Our Omaha milkman would, I am certain, understand and approve. But he might still have one or two difficult questions to ask. How, for example, will an Alliance created for the Fulda Gap fare beyond the Hindu Kush? The answer is that NATO will succeed because it has no other option.
If we want to win the fight against terrorism, we have to succeed in Afghanistan. Failure would not just be a disaster for the Afghan people and a blow to the international fight against terrorism. It would also undermine NATO’s credibility. NATO has not failed in its 55-year history, so there is every reason to believe that it will succeed in Afghanistan as well. But it will not be easy.
NATO’s Problems
The changes in NATO’s role were not agreed upon overnight, but the remarkable fact was that they were agreed upon at all.
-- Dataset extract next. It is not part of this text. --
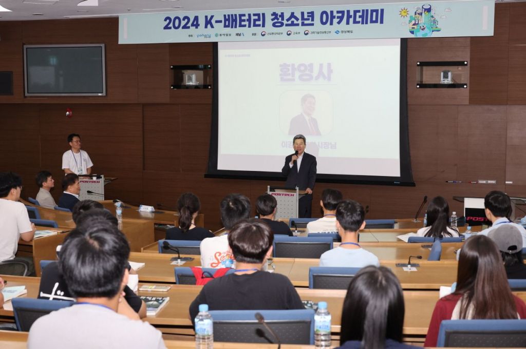 포항시가 8일 포스텍 국제관에서 대한민국 미래 먹거리를 책임질 이차전지 꿈나무 양성을 위한 ‘2024 K-배터리 청소년 아카데미’를 개최했다.

When the international community and practically every other multilateral institution were split over Iraq, NATO was able both to agree and to act. It took 11 difficult days in February 2003 to meet Washington Treaty commitments and reinforce Turkey, but NATO did so when others failed. Moreover, in building agreement, it confounded the critics who said that this crisis would permanently shatter NATO’s cohesion. Only weeks later, the Alliance unanimously took two previously unthinkable decisions. First, to take over the International Security Assistance Force in Kabul; then, to provide support to Poland and Spain in setting up their stabilization division in Iraq.